The fact that the majority of European stocks are value traps should not even be debatable. But it is even more evident that a transition from recession to stagnation due to a mild winter is not a positive indicator, but a fantasy. Remember that the profits estimates for Europe’s 600 top corporations still assume margin and earnings growth through 2024. Europe is inexpensive, but it is always inexpensive for a reason. It is illogical to think that European corporations are concealing unidentified growth and earnings gold nuggets.
Never before have tech companies shed so many workers. They are not foolish in their actions. They do so because they observe what consumers and citizens do each and every second. It’s not only technology, however. In addition to higher taxes, the reality of dwindling profit margins and constrained cash flow is impacting businesses worldwide.
A decline in earnings is more likely than an earnings surprise. Why? Analysts maintain high valuations based on a significant recovery in 2024, despite the fact that current earnings predictions already reflect estimates of mediocre growth and even recession. We cannot claim that earnings already account for the worst-case situation when Wall Street employs the oldest trick in the book. Say that their forecasts for the current year are extremely conservative and inflate those for the following year.
Remember that exceeding highly lowered fourth-quarter profit projections only to continue dropping estimates for subsequent quarters as a result of bad guidance is hardly “bullish.” It is a Wall Street tradition to manipulate consensus.
Central banks are also aware that they are not able to decrease inflation below 2% without a major decline in aggregate demand or a change in the mechanism of computing the CPI to conceal inflation, or both.
Changes in technique are currently occurring, although CPI inflation remains elevated.
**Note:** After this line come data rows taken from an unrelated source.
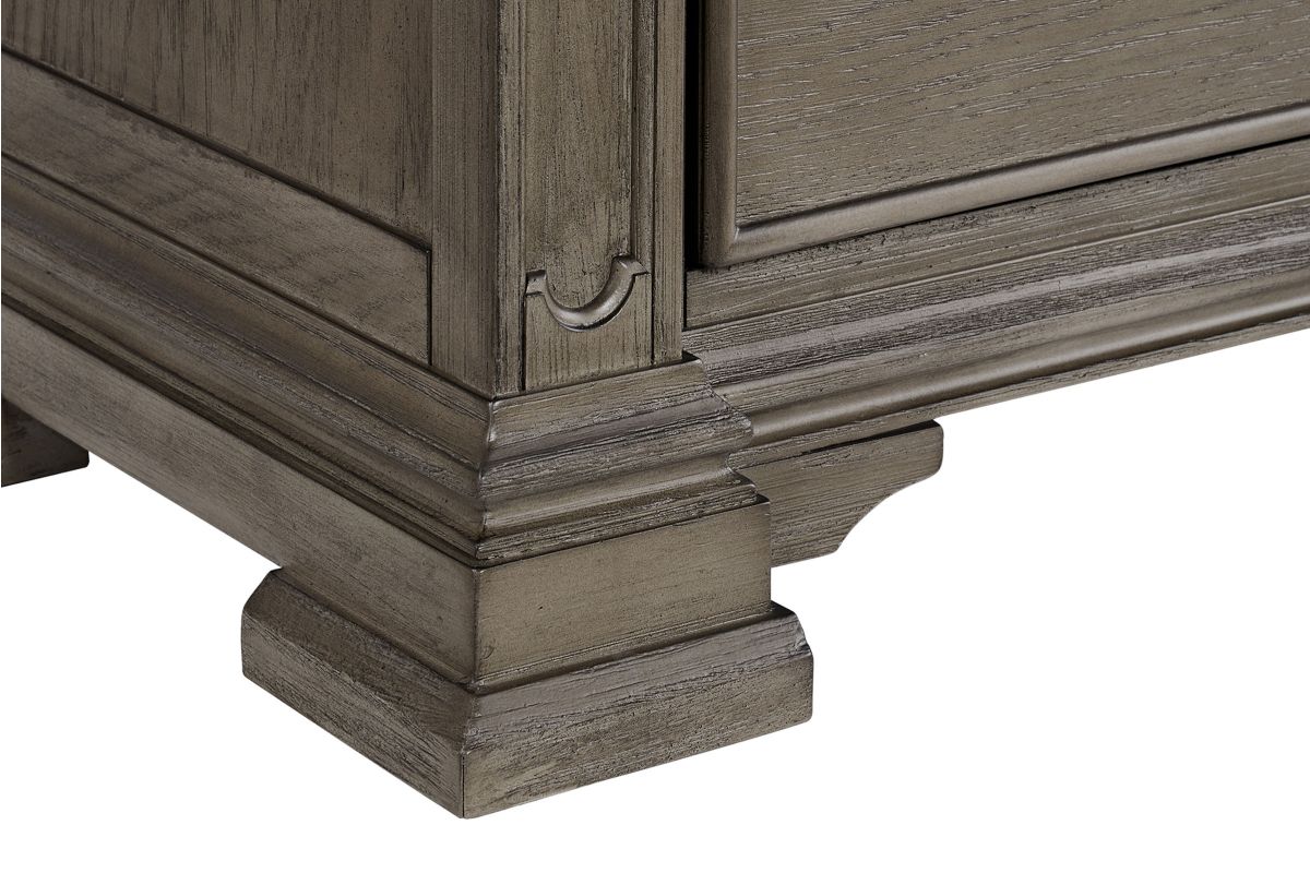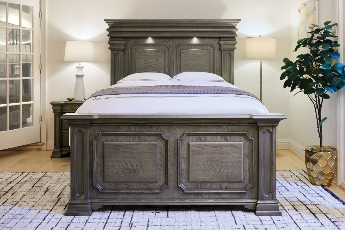 Transform your bedroom into a sophisticated sanctuary with the Radcliff Queen Panel Bedroom Set. This set features refined molding, giving it an elegant and timeless look. The high headboard adds a touch of grandeur to your space, while the touch-button mood-lighting in the headboard creates a relaxing ambiance. With two USB ports conveniently located in the headboard, you can easily charge your devices while lounging in bed. The black felt lined top drawers of all the case pieces provide a luxurious touch, and the nightstand sliding top with hidden storage offers safe keeping of your valuables. Finished with cedar veneer bottom drawers, this set combines style and durability for long-lasting use.
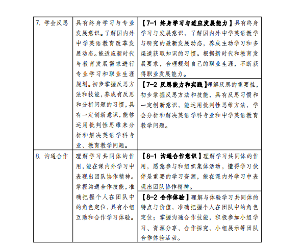 掌握英语学科发展和中学英语课程改革发展动态,能在自身专业发展 和中学英语教育教学实践中不断反思,改进教学,养成终身学习的习惯。 具有良好的团队合作精神和沟通协调能力,具备成长为中学英语教育卓越 教师的素养。
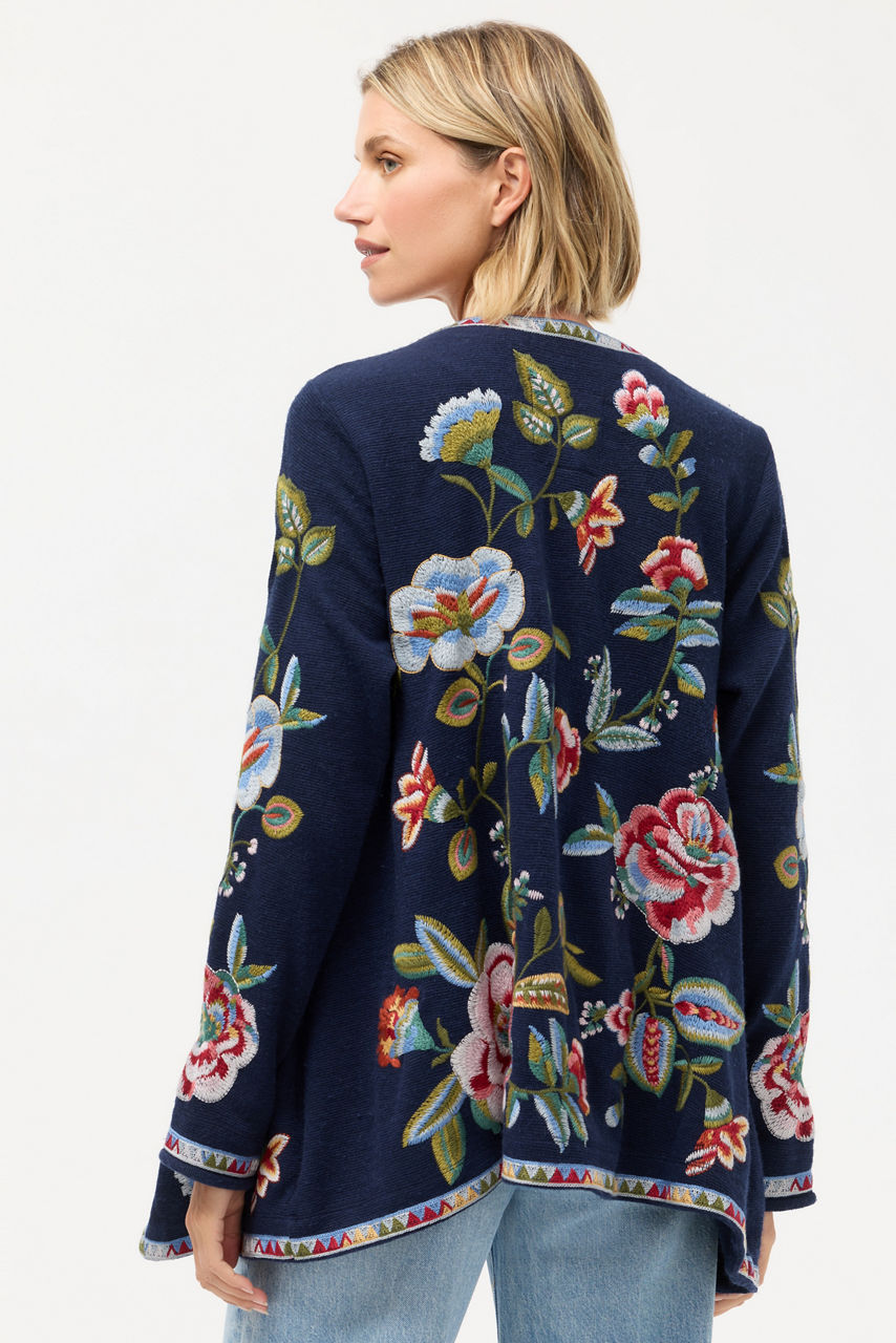 Intricately embellished with vibrant floral embroidered detailing, the Gillian Biya Draped Sweater is equal parts cozy and stylish. Designed with a cascading shawl collar and an open front, this cozy sweater is finished with pockets at the sides. Layer over a coordinating vibrant top and pair with flowing silk palazzo pants for dinner out with friends.
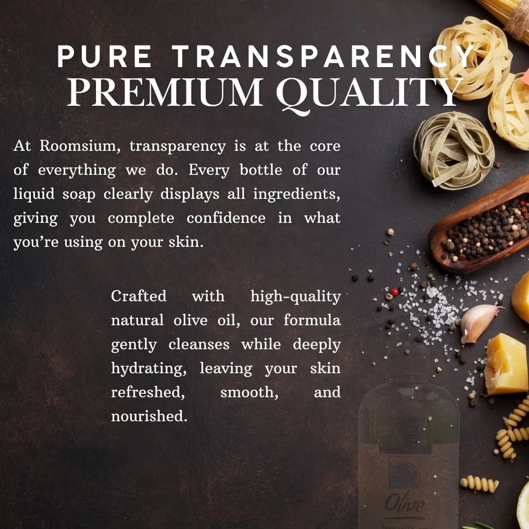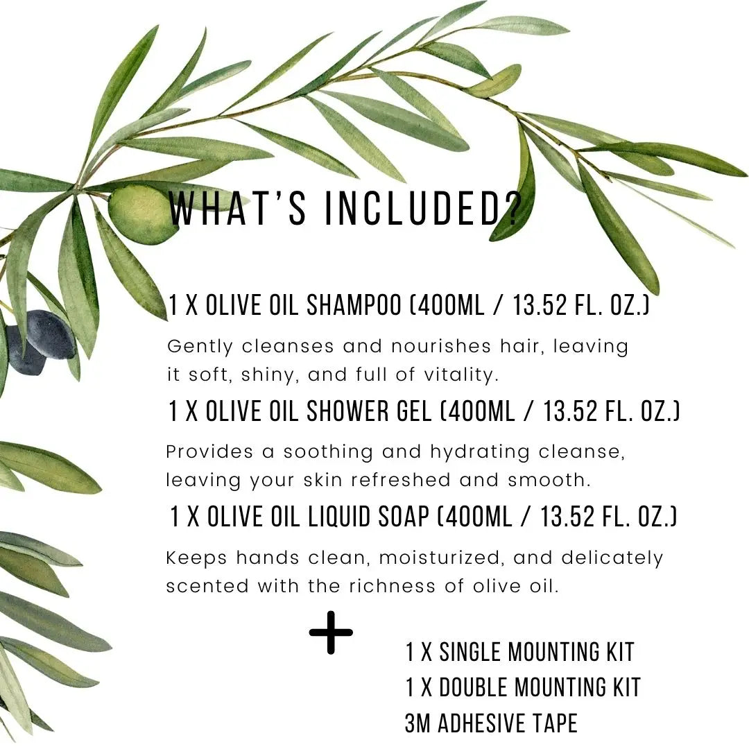 Roomsium Olive Care Set | Shampoo, Shower Gel & Liquid Soap | Refillable, Eco-Friendly & Mediterranean Luxury (3 of Set)
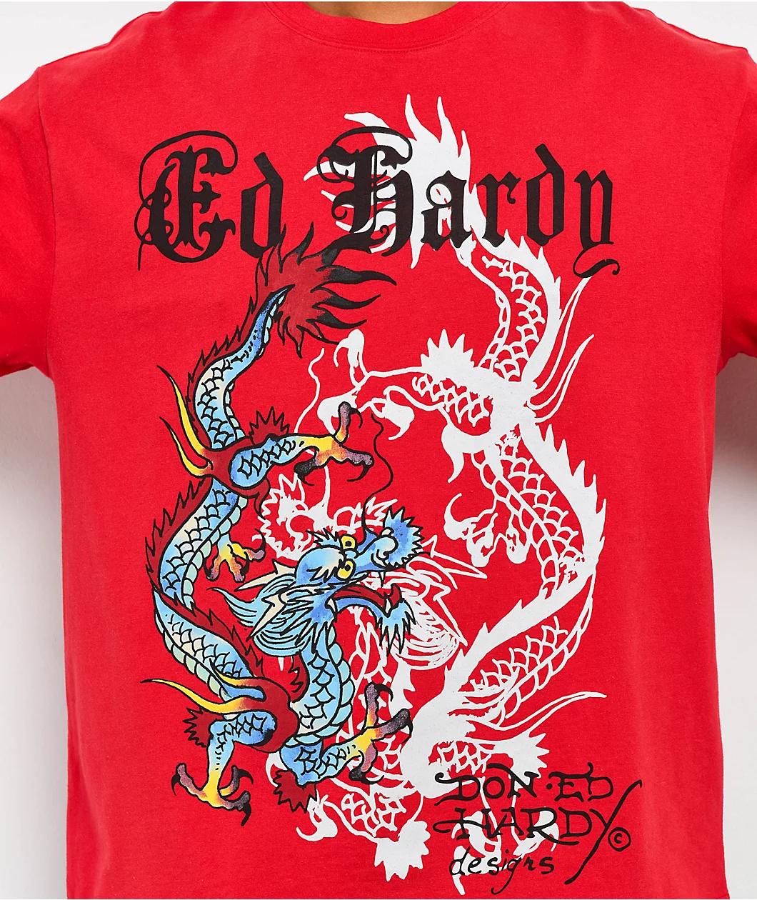 Unleash a fiery Y2K edge with the Dragons Vintage Boxy Red T-Shirt from Ed Hardy. A bold dragon design and Old English branding take over the front, while the back's stylized characters give it a rebellious touch. Made from a soft cotton-poly blend,
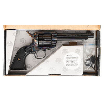 .357 Magnum. 5.5" barrel length. SN: Y1338564. Blued metal finish with color case hardened frame, hammer, and trigger mounting black synthetic Taurus logo grips. Single action loading gate revolver with six-shot cylinder mounting spring-loaded ejector rod and topstrap notch with front blade sights. Left frame is marked TAURUS INT. MFG./MIAMI, FL.-USA followed by {TAURUS} logo, while the right is struck MADE IN BRAZIL. Item comes in a matching black cardboard box with two internal safety locking system keys and the owner's manual.
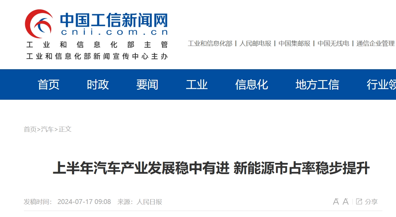 上半年汽車產(chǎn)業(yè)發(fā)展穩(wěn)中有進(jìn)新能源市占率穩(wěn)步提升
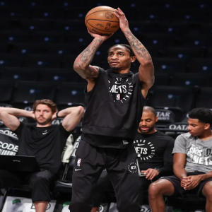 Apr 8, 2025; Brooklyn, New York, USA; Brooklyn Nets guard Keon Johnson (45) warms up prior to the game against the New Orleans Pelicans at Barclays Center. Mandatory Credit: Wendell…
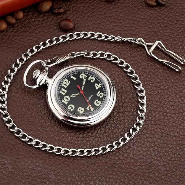 Quartz Pocket Watch Arabic Numeral Sliver Shiny Pocket Watches with Chain-Sliver
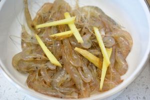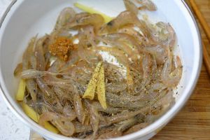 小河虾洗净,控干水分加入米酒腌制5搅拌均匀,
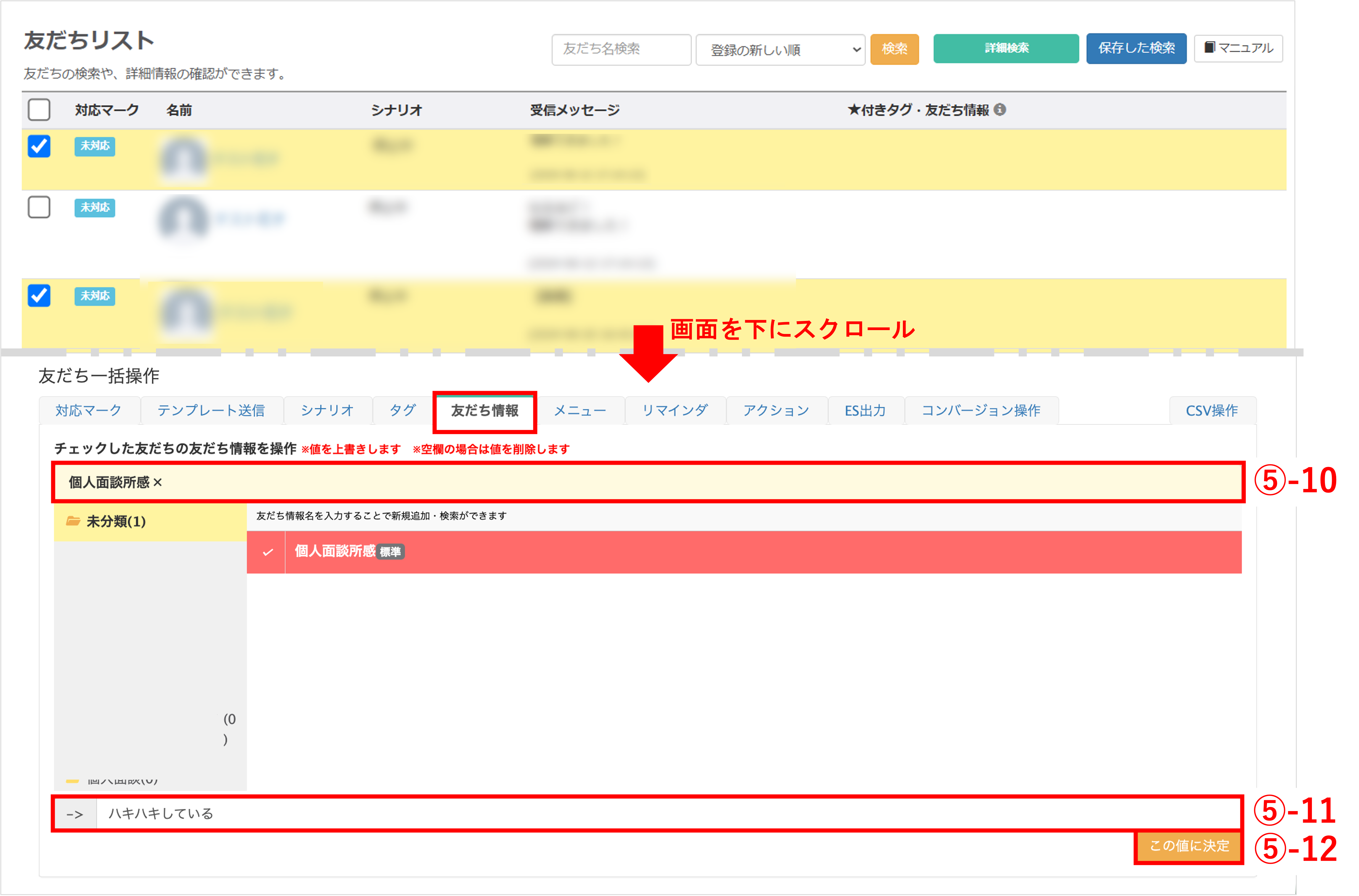 ⑤-11 友だち情報の種別が「標準」または「長文」の場合、変更後の値を入力します。
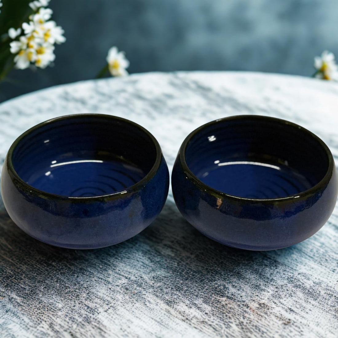 Freakway®Studio Pottery Blue Glazed Ceramic Bowls – 2 Pc Set for Snacks, Sides & Desserts
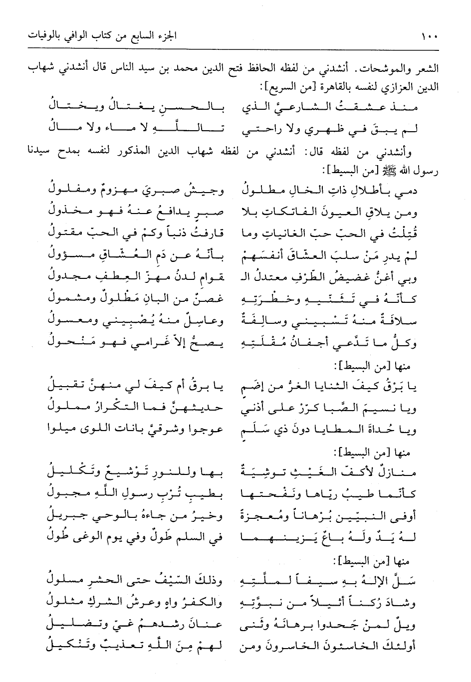 أَنْشدني من لَفظه الْحَافِظ فتح الدّين مُحَمَّد بن سيد النَّاس قَالَ أَنْشدني شهَاب الدّين العزازي)
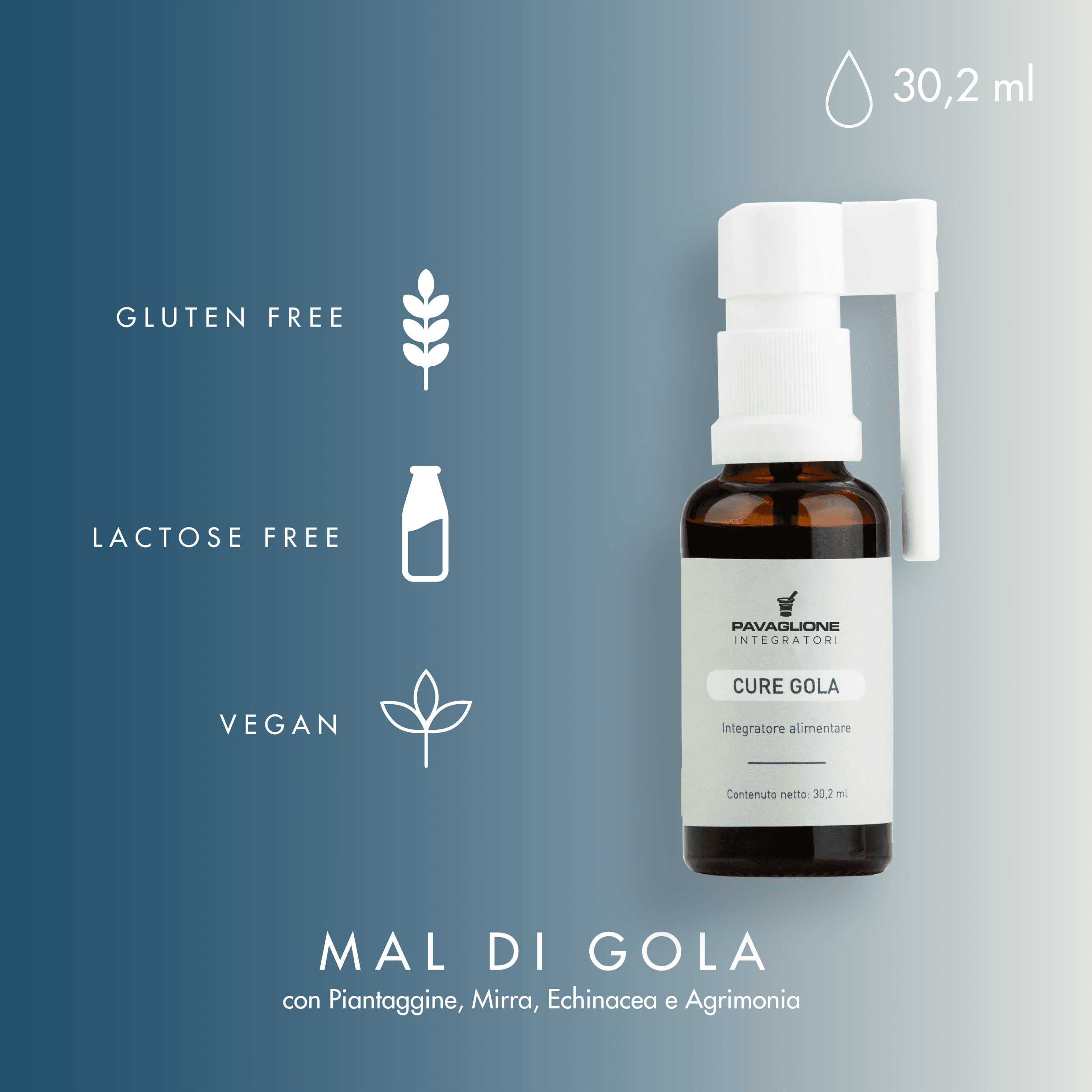 Cure Gola è un integratore alimentare in spray a base di estratti vegetali utili per favorire il benessere del cavo orale e donare sollievo alla gola.

We read all over Wall Street that if you subtract the rising prices, inflation is already negative, which is obviously absurd. Inflation is never overestimated by the official CPI; the reverse is true.
It demonstrates our desperation for more cheap money to expand our portfolios.
The only thing that can diminish aggregate demand is a huge decline in private sector demand, as public sector demand remains steady or rises as governments continue to increase spending. Therefore, if we bet on central banks slashing interest rates beginning in July, we are equally betting on a massive private sector slump that is in no way reflected in mainstream forecasts.
Given that central banks are currently operating at a loss, it makes little sense to bet on rate cuts if we actually believe in a soft landing.
Both there will be stagnation and high inflation, which will cause rates to remain elevated for a longer period of time, or there will be rate decreases owing to a massive recession, which is negative for stocks and bonds.
Carefully consider your desires. If we bet on rate cuts in the second half of the year, we could also be betting on a massive economic and earnings collapse.